To evaluate and analyze the characteristics of fluids within hydrocarbon reservoirs, it is critical to collect representative fluid samples. For this purpose, the application of formation testing and fluid sampling with downhole fluid analysis is now well established in our industry. In this paper, we introduce a new approach and methodology for the real-time analysis and visualization of crucial fluid properties which are measured while conducting formation testing and fluid sampling operations.
The proposed method combines machine learning techniques with artificial intelligence. To begin, the prediction model is trained using a comprehensive global hydrocarbon fluids spectral database, which includes approximately five hundred fluid spectra from a diverse set of hydrocarbon samples. The training method involves performing singular-value decomposition (SVD) on the spectral data within the database. A model is then constructed by retaining the first and second eigenvectors (also known as principal components) derived from the SVD. Once the model is established, the prediction phase involves projecting the real-time spectrometer measurements onto the first and second eigenvectors. By plotting the projection of the first eigenvector against the projection of the second eigenvector, we can determine the state, fluid type and the dynamic evolution of fluid properties within the formation tester flowlines during sampling and testing operations.
The application of this new method offers a range of real-time applications for formation testing and sampling. The method allows for the discrimination between hydrocarbon and non-hydrocarbon fluids, such as water, mud, and contaminants, as well as the identification of pure hydrocarbon fluids within oil-water mixtures. Moreover, by cross plotting the projection data, it establishes a clear separation among various types of hydrocarbon fluids, such as black oil, volatile oil, gas condensate, wet gas, and dry gas, forming the foundation for real-time fluid classification. These distinctions also facilitate the identification of oil-based mud (OBM) filtrate based on distinct projection angles. Additionally, the evolving data projections over time closely correlate with the Gas-Oil Ratio (GOR) of hydrocarbon fluids in the flowline.
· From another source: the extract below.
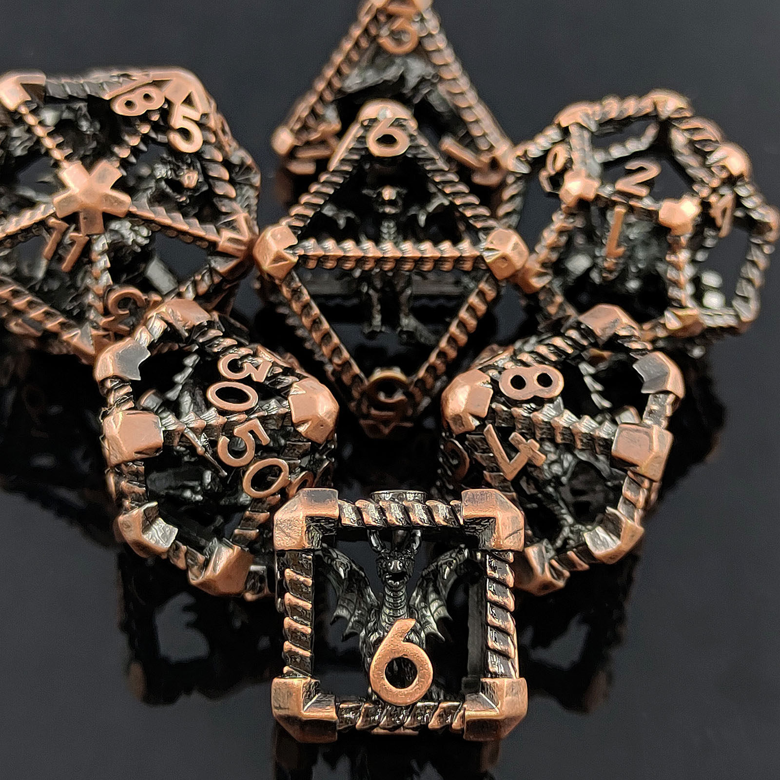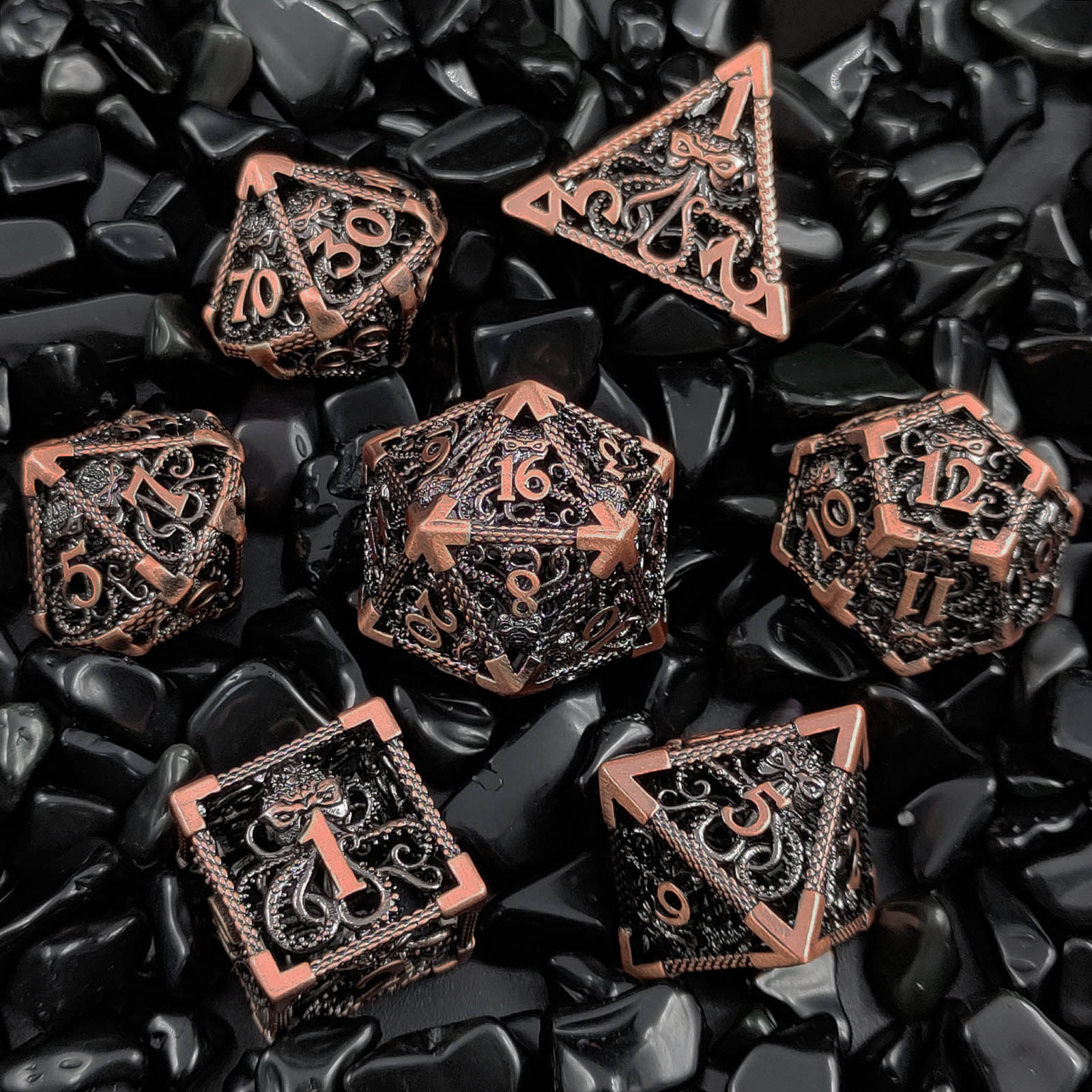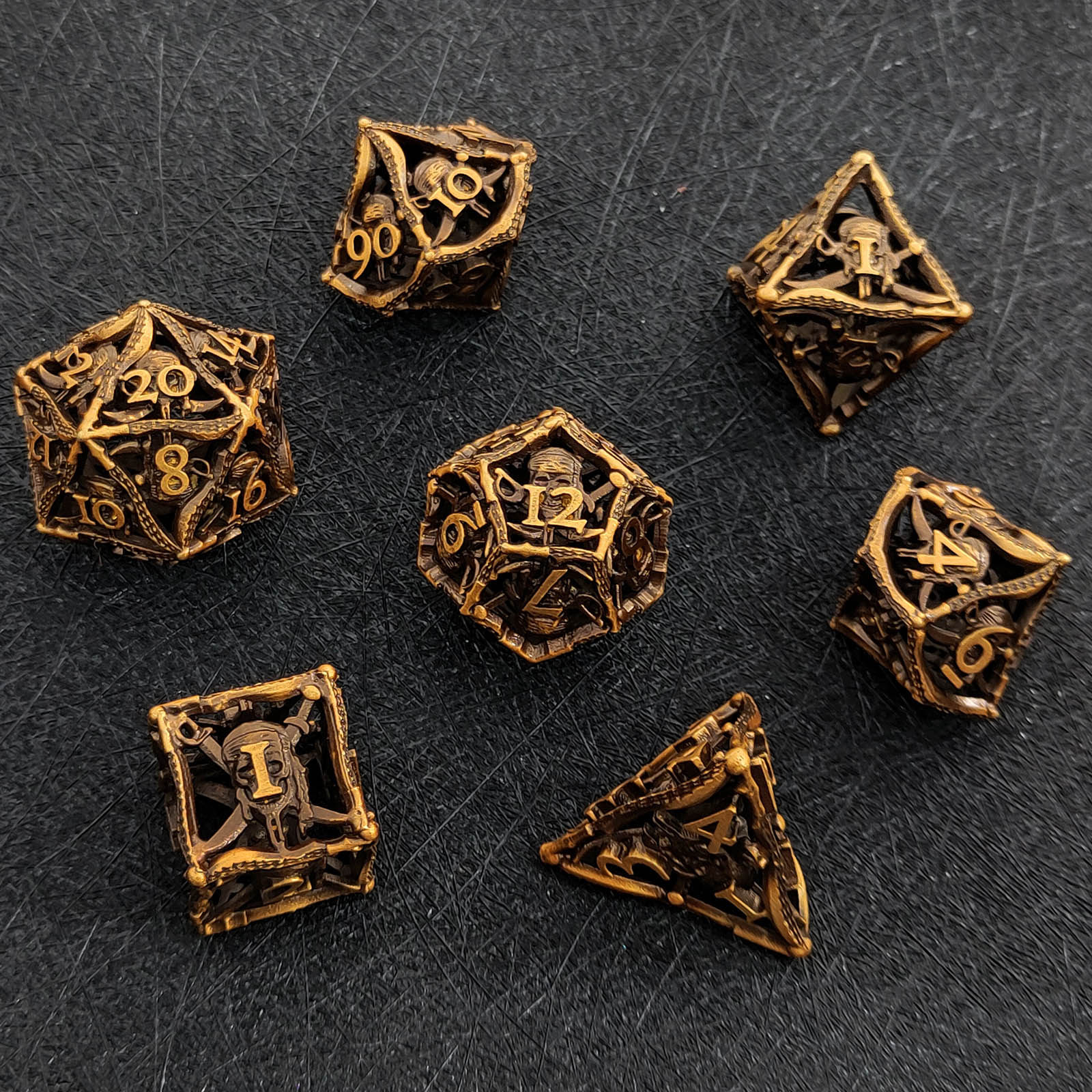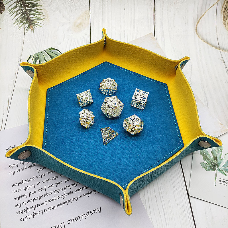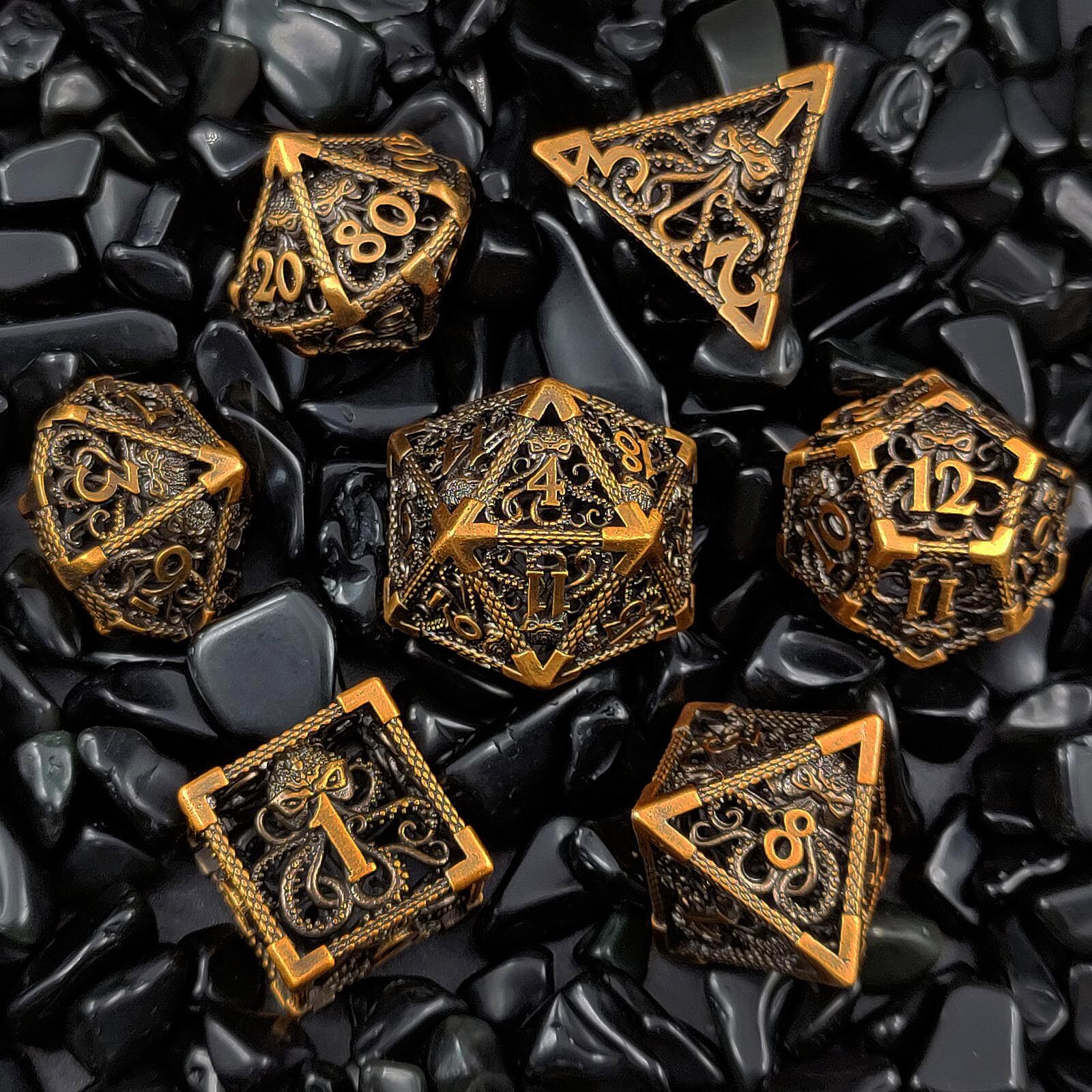 套餐包含:7顆金屬空心骰子,和一個金屬收納盒!骰子包括:D4,D6,D8,D10(0-9)D10(00-90),D12,D20

Furthermore, within a dual-flowline formation tester this method also allows for comparison and determination of which flowline contains cleaner fluid; and provides a means to monitor the progress of sample cleanup with indicators to help control and optimize the sampling process.
In this paper, we provide concrete examples using field date to demonstrate the practical application of the method. These field examples will also serve as invaluable case studies, showcasing the tangible advantages and outcomes achievable through the application of the proposed methodology.